**Requirement**. What's needed is an exact copy of the lines from the one that contains "安全・安心のエアレスタイヤ搭" to the end of the data below, leaving the pictures out.

**Data extract**.
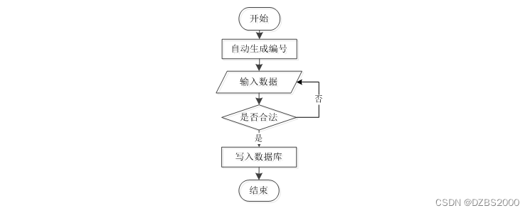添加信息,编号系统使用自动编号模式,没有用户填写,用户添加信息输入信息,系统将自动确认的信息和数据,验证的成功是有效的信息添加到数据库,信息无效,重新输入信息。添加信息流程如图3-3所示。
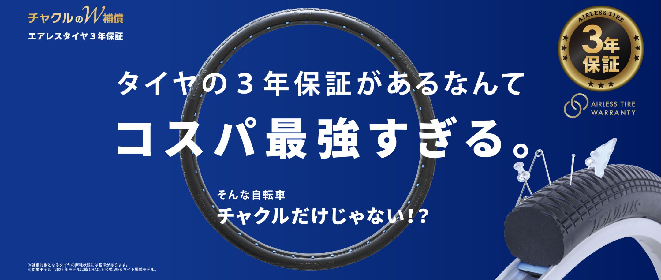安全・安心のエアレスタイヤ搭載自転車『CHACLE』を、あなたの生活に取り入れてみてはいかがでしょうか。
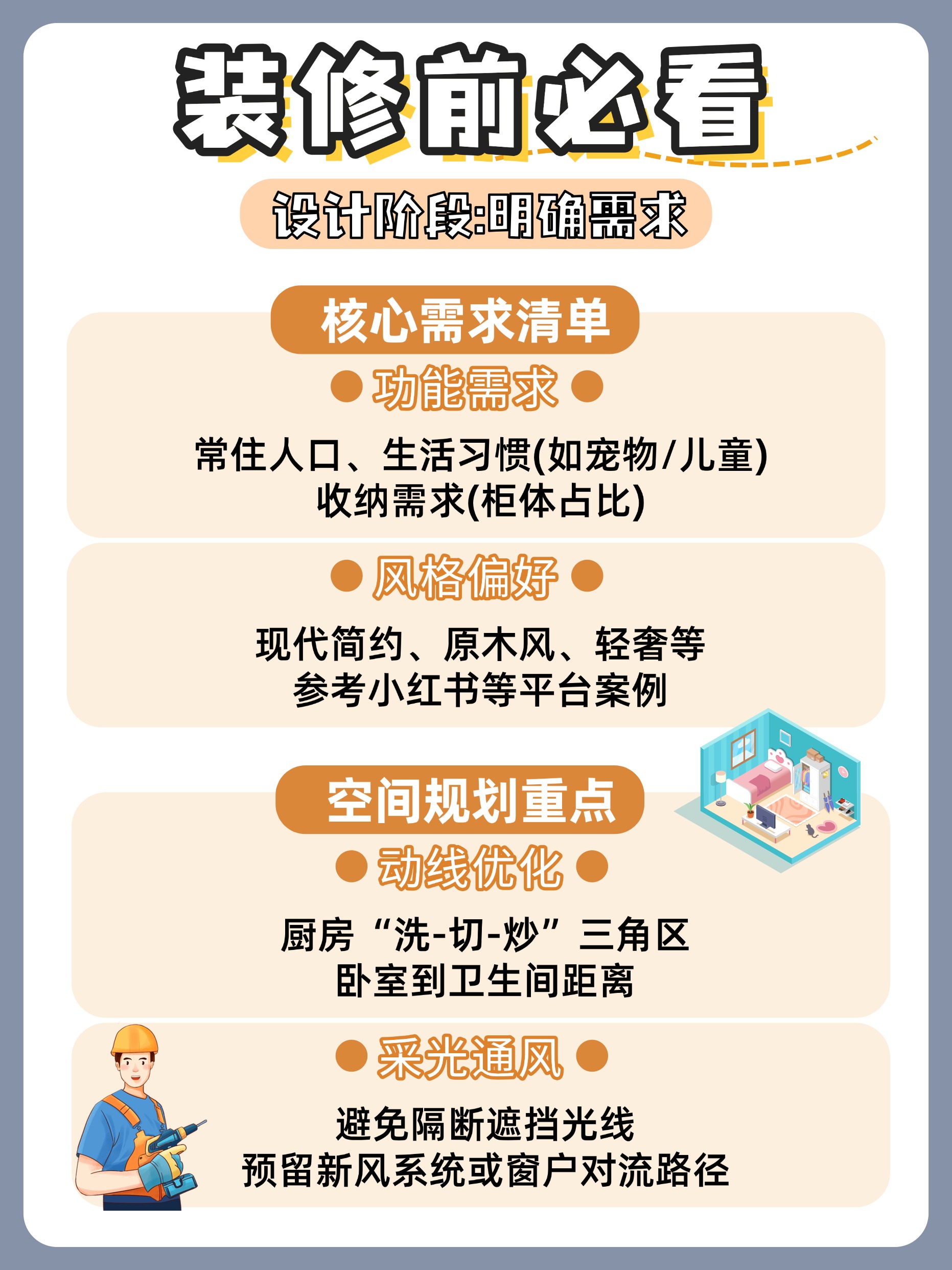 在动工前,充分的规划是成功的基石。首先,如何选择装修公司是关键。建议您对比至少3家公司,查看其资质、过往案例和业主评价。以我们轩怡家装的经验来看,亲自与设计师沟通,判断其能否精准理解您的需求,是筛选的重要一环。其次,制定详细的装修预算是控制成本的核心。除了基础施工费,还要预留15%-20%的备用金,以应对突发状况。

**Solution for this task**.
安全・安心のエアレスタイヤ搭載自転車『CHACLE』を、あなたの生活に取り入れてみてはいかがでしょうか。
 在动工前,充分的规划是成功的基石。首先,如何选择装修公司是关键。建议您对比至少3家公司,查看其资质、过往案例和业主评价。以我们轩怡家装的经验来看,亲自与设计师沟通,判断其能否精准理解您的需求,是筛选的重要一环。其次,制定详细的装修预算是控制成本的核心。除了基础施工费,还要预留15%-20%的备用金,以应对突发状况。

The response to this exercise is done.